A few minutes later I went to St. Joseph's seminary. If I could count the tears that I had wept in the morning and in the morning, it would be more than all those poured out since Adam and Eve. but it is good to be emphatic, again and again, to compensate for this scrupulousness of accuracy that afflicts me. However, if I follow only the memory of sensation, I am not far from the truth; at fifteen years, everything is infinite. Really, however prepared I was, I suffered a lot. My mother also suffered, but she suffered with her heart and soul; Father Cabral had found a middle ground, to experience my vocation; if at the end of two years I did not reveal an ecclesiastical vocation, I would follow another career.

-The promises must be fulfilled as God wills. Suppose our Lord denies his son a disposition, and that the custom of the seminary does not give him the taste he gave me, it is that the divine will is another. You could not put in your son, before he was born, a vocation that Our Lord refused you ...

It was a priest's grant. I gave my mother an early pardon, making the debt relief come from the creditor. Her eyes flashed, but Bocca said no. Jose Dias, having failed to go with me to Europe, clung to the nearest, and supported the "prowess of Mr. protonotario"; it only seemed to him that a year was enough.

"I am certain," he said, winking at me, "that within a year the ecclesiastical vocation of our Bentinho is manifest and decisive. You must give a priest a full hand. Also if it does not come in a year ...

And to me, later, in particular:

"Go for a year; a year passes quickly.

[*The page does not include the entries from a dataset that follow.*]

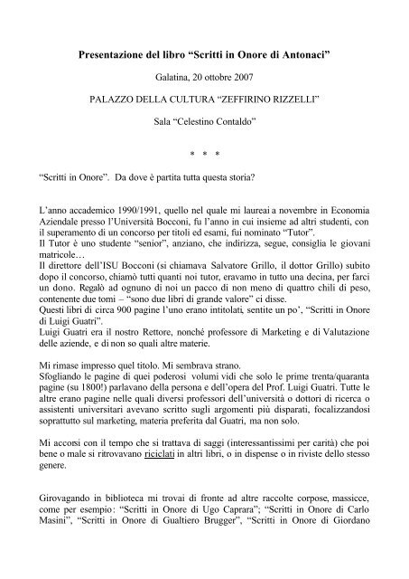 Esempio lettera motivazionale bocconi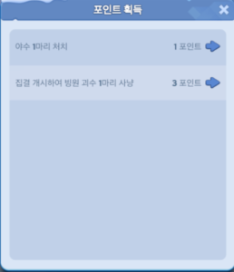 - 빙원 괴수 1마리 사냥 집결 개시 : 3포인트
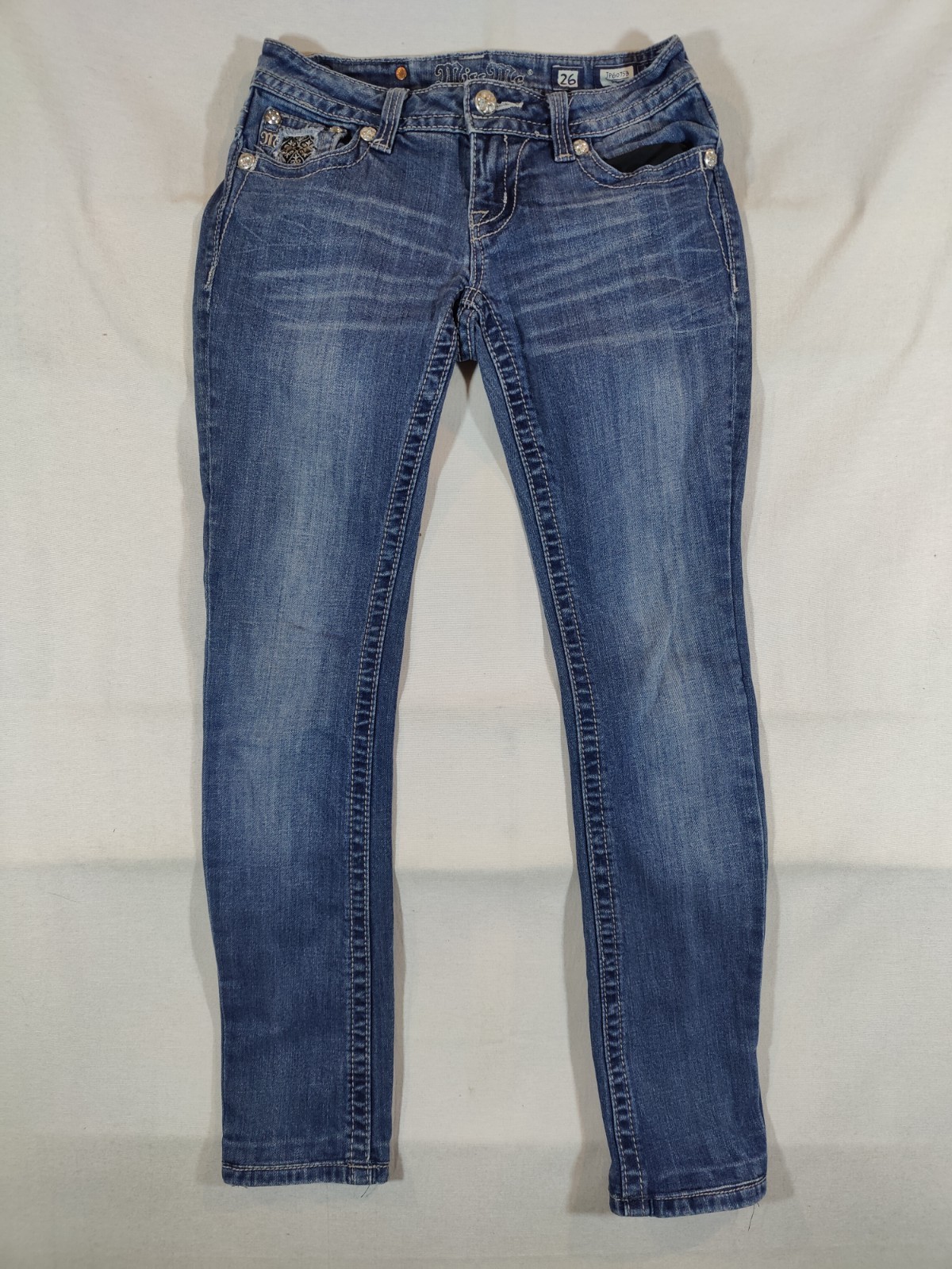 как выглядит Miss Me Jeans Womens 26 Skinny Low Rise Embellished Flap Pocket Denim Blue фото

If you do not like it, God does not want it, as the priest says, and in this case, my friend, Europe is the best remedy.

Capitú gave me the same advice, when my mother announced his definitive trip to the seminary:

"My daughter, you're going to lose your growing partner ..."

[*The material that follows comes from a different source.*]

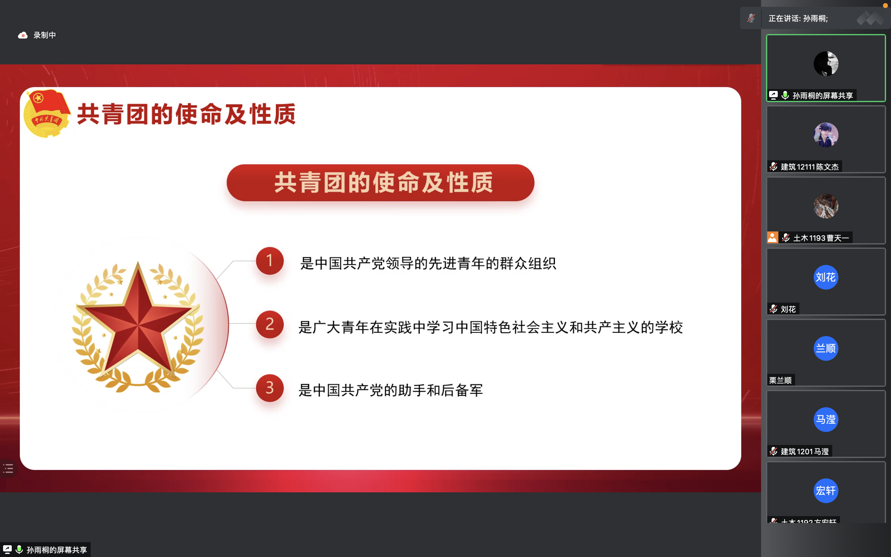 本期课程主题是“青春跟党走,建功新时代”。首先,孙雨彤老师从“新时代青年的使命是什么”引入,强调中国共青团是中国共产党的助手和后备军,共青团员更应起模范带头作用,坚持党的领导,学习习近平总书记重要讲话思想,坚持“三个必须”,不辜负党的重托和期望。其次,孙雨彤老师指出当代青年应该主动接下革命的接力棒,坚定马克思主义信仰,紧跟中国共产党的脚步,矢志学习,为建设中国特色社会主义而奋斗。最后,孙雨桐老师分别对各年级的学生提出要有未来的规划目标,要不断提升自己,并强调“空谈误国,实干兴邦”。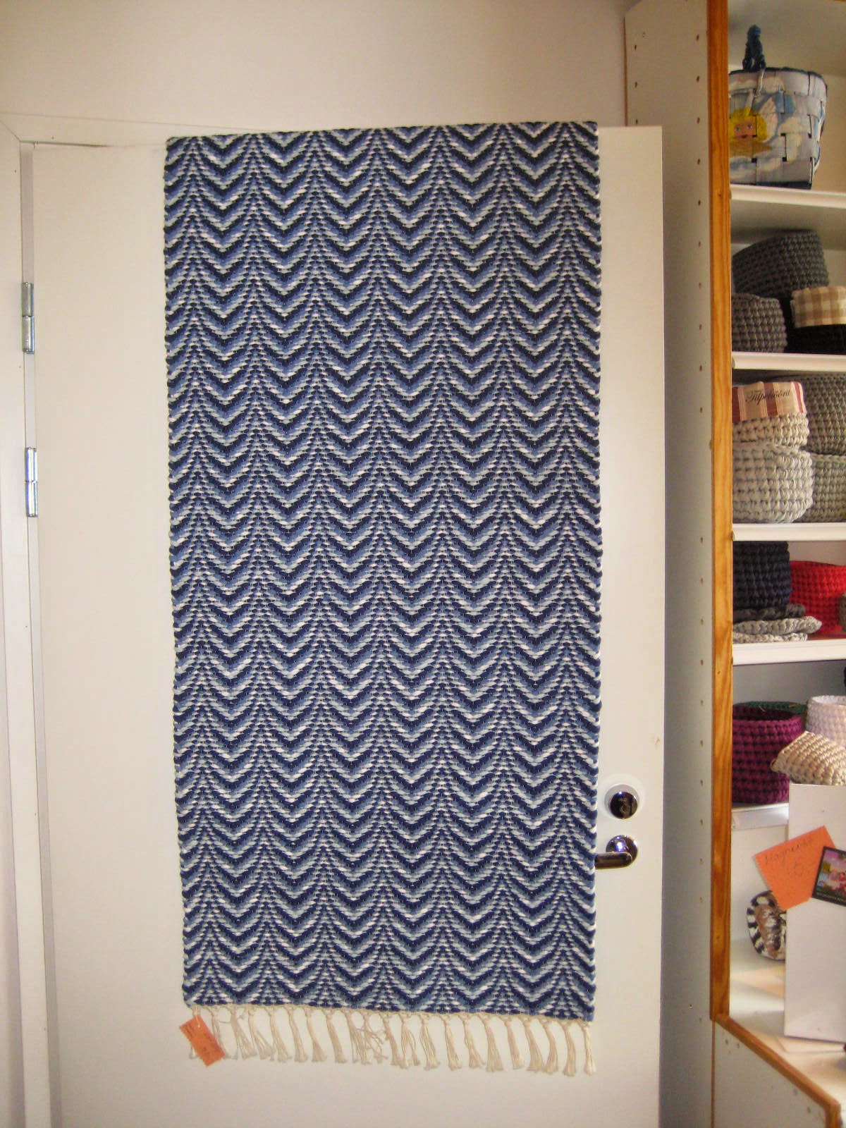 Kuvauspaikaksi valitsiimme oveen ripustetun maton. Maton on kutonut Salme Ruoranen ja se on nimeltään KIRKONKAARI, jos oikein muistan.

She treated her daughter so well (it was the first time my mother had given it to her) that she did not even have time to be sad; kissed his hand, and told him that I already knew it by myself. In particular he encouraged me to support everything with patience; at the end of a year things would be changed, and a year would go by quickly. It was not yet our farewell; This was done in the evening, in a way that asks for a special chapter. The only thing I say here is that, while we were holding each other, she would arrest my mother, become more assiduous and tender, live by her, with her eyes on her. My mother was naturally sympathic, and even sensitive; it hurt as much as it pleased any thing. He found in Capitú a lot of new graces, of rare and fine gifts; gave him a ring of his and some gallantry. He did not consent to photograph himself, as the girl asked him, to give him a portrait; but he had a miniature, done at the age of twenty-five, and after some hesitation he decided to give it to him. The eyes of Capitú, when he received the mime, do not describe themselves; they were not oblique, not hungry, they were right, clear, lucid. He kissed the portrait with passion, my mother did the same thing to her. All this reminds me of our farewell.